Capacity is the potential instantaneous output of a generating or storage unit, measured in watts. Energy is the actual amount of electricity generated by a power plant or released by a storage device during a time period, measured in watt-hours. The units are usually expressed in thousands (kilowatts and kilowatt-hours) or millions (megawatts and megawatt-hours). For example, the maximum amount of power a 1,000 megawatt (MW) power plant can generate in a year is 8.76 million megawatt-hours (MWh), calculated as: 1,000 MW x 8,760 hours in a year = 8.76 million MWh.

Capacity Factor

Capacity factor is a standard measure of how intensively a power plant is utilized. It is the ratio of how much electricity a power plant produced over a period of time, typically a year, compared to how much electricity the plant could have produced if it operated continuously at full output. For example, as shown in the prior paragraph, the maximum possible output of a 1,000 MW power plant in one year is 8.76 million MWh. Assume that during a year the plant actually produced only 7.0 million MWh. In this case the plant's capacity factor would be 7.0 million MWh ÷ 8.76 million MWh = 81%.

Generation and Load

The demand for electricity ("load") faced by an electric power system varies moment to moment with changes in business and residential activity and the weather. Load begins growing in the morning as people waken, peaks in the early afternoon, and bottoms-out in the late evening and early morning. Figure A-2 shows an illustrative daily load curve.
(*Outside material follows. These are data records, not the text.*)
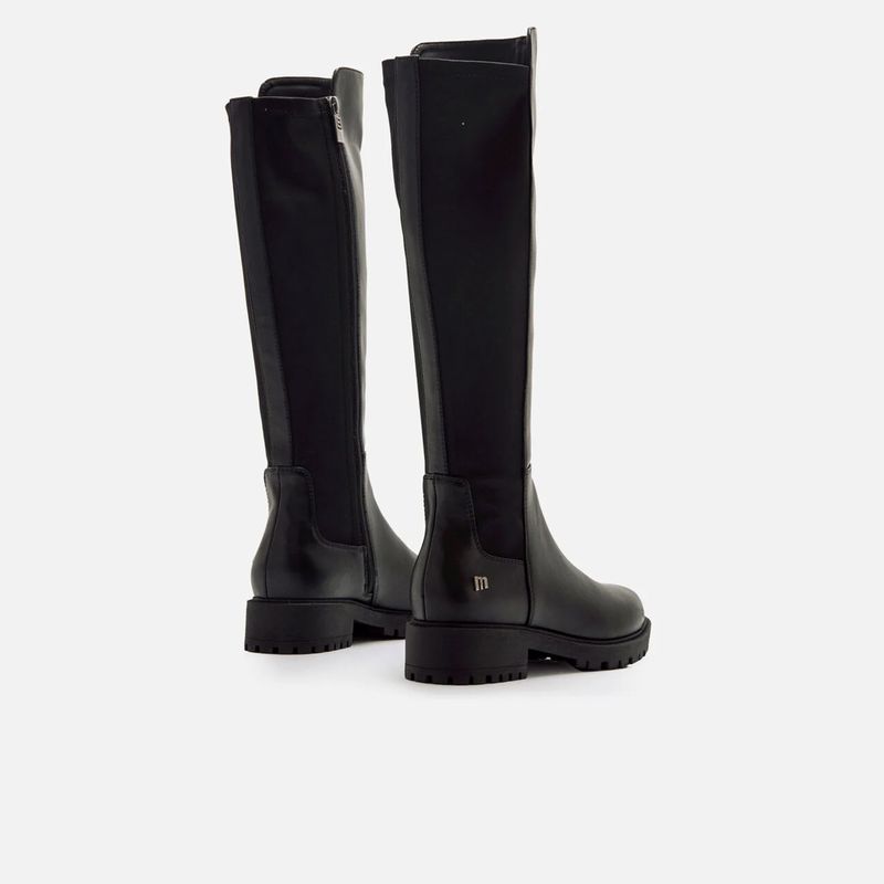 Bota alta Mustang Campa para mujer en color negro, un básico moderno pensado para el uso diario. Su caña elástica se adapta perfectamente a la pierna, mientras que la cremallera lateral facilita el calce y aporta practicidad. La suela dentada con tacón bajo garantiza una pisada cómoda y estable en cada paso. El detalle metálico del logo en el lateral añade un toque distintivo al diseño. Además, está fabricada con un 60 % de algodón reciclado postconsumo y un 40 % de algodón convencional, apostando por un estilo más sostenible.
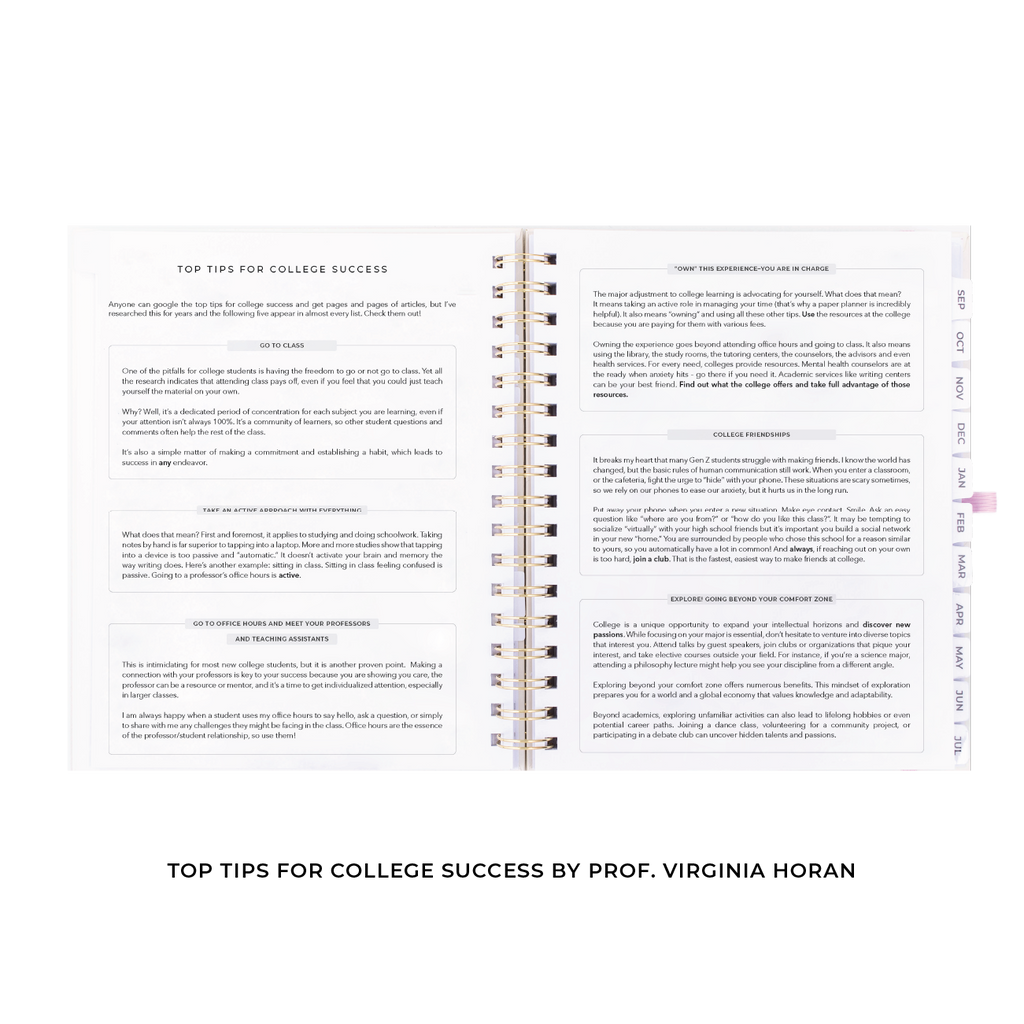 Every planner comes with access to a digital library of weekly college success tips created to help you thrive! From prepping to finals to battling burnout to addressing procrastination, learn how to navigate the ins and outs of college life.
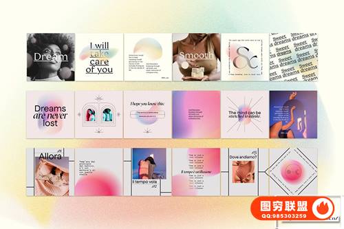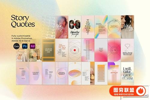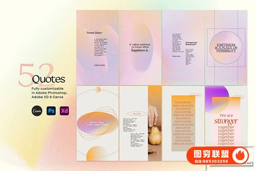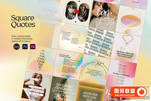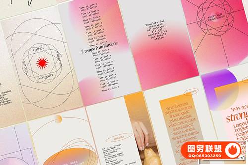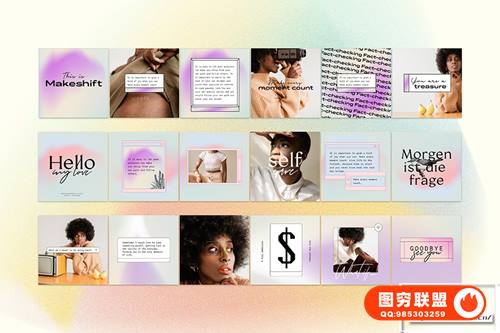 [PSD模板]180款潮流复古科技炫彩渐变INS风新媒体电商海报设计PS & XD素材 Makeshift Carousel & Quotes Canva PS
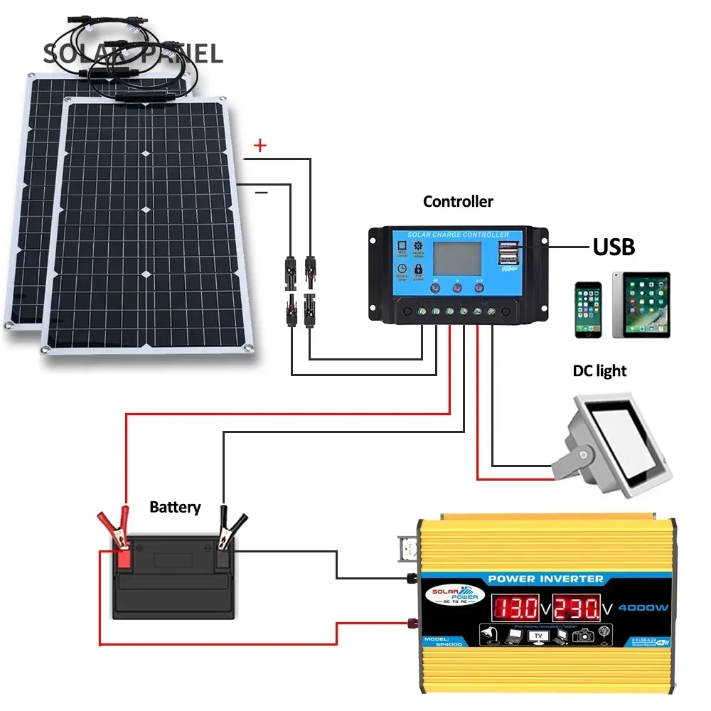 panneau solaire (pour recevoir de l’énergie solaire pour charger la batterie)+Inverseur (pour convertir l’alimentation 12 V CC de la batterie en alimentation 220 V ou 110 V AC)+contrôleur solaire (pour contrôler la charge et la décharge de la batterie) (stockage énergétique) (fabriqué par le client)
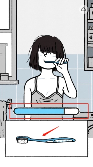 睡过头啦,得抓紧时间刷牙,点击下方的牙刷并左右摇晃,直到进度条填满就好啦。
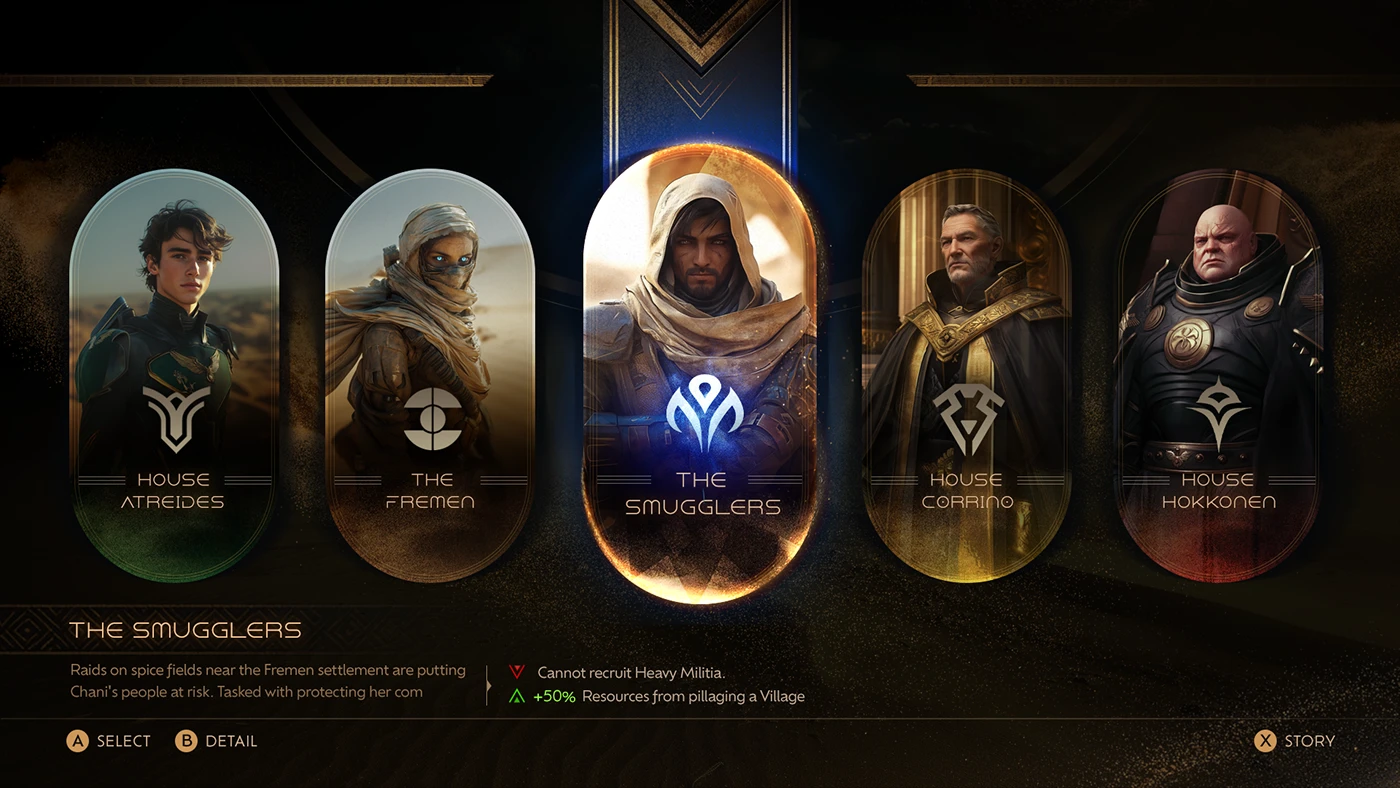 《沙丘》的世界觀強調沙漠、貴族與荒涼感,UI 也延續了這一氛圍:

The daily load shape dictates how electric power systems are operated. As shown in Figure A-2, there is a minimum demand for electricity that occurs throughout the day. This base level of demand is met with "baseload" generating units which have low variable operating costs.40 Baseload units can also meet some of the demand above the base, and can reduce output when demand is unusually low. The units do this by "ramping" generation up and down to meet fluctuations in demand.

The greater part of the daily up and down swings in demand is met with "intermediate" units (also referred to as load-following or cycling units). These units can quickly change their output to match the change in demand (that is, they have a fast "ramp rate"). Load-following plants can also serve as "spinning reserve" units that are running but not putting power on the grid, and are immediately available to meet unanticipated increases in load or to back up other units that go off-line due to breakdowns.

Figure A-2. Illustrative Daily Load Curve

Source: CRS.

The highest daily loads are met with peaking units. These units are typically the most expensive to operate, but can quickly start up and shut down to meet brief peaks in demand. Peaking units also serve as spinning reserve and as "quick start" units able to go from shutdown to full load in minutes. A peaking unit typically operates for only a few hundred hours a year.

Economic Dispatch and Heat Rate

The generating units available to meet system load are "dispatched" (put on-line) in order of lowest variable cost. This is referred to as the "economic dispatch" of a power system's plants.

For a plant that uses combustible fuels (such as coal or natural gas) a key driver of variable costs is the efficiency with which the plant converts fuel to electricity, as measured by the plant's "heat rate." This is the fuel input in British Thermal Units (btus) needed to produce one kilowatt-hour of electricity output. A lower heat rate equates with greater efficiency and lower variable costs. Other things (most importantly, fuel and environmental compliance costs) being equal, the lower a plant's heat rate, the higher it will stand in the economic dispatch priority order. Heat rates are inapplicable to plants that do not use combustible fuels, such as nuclear and non-biomass renewable plants.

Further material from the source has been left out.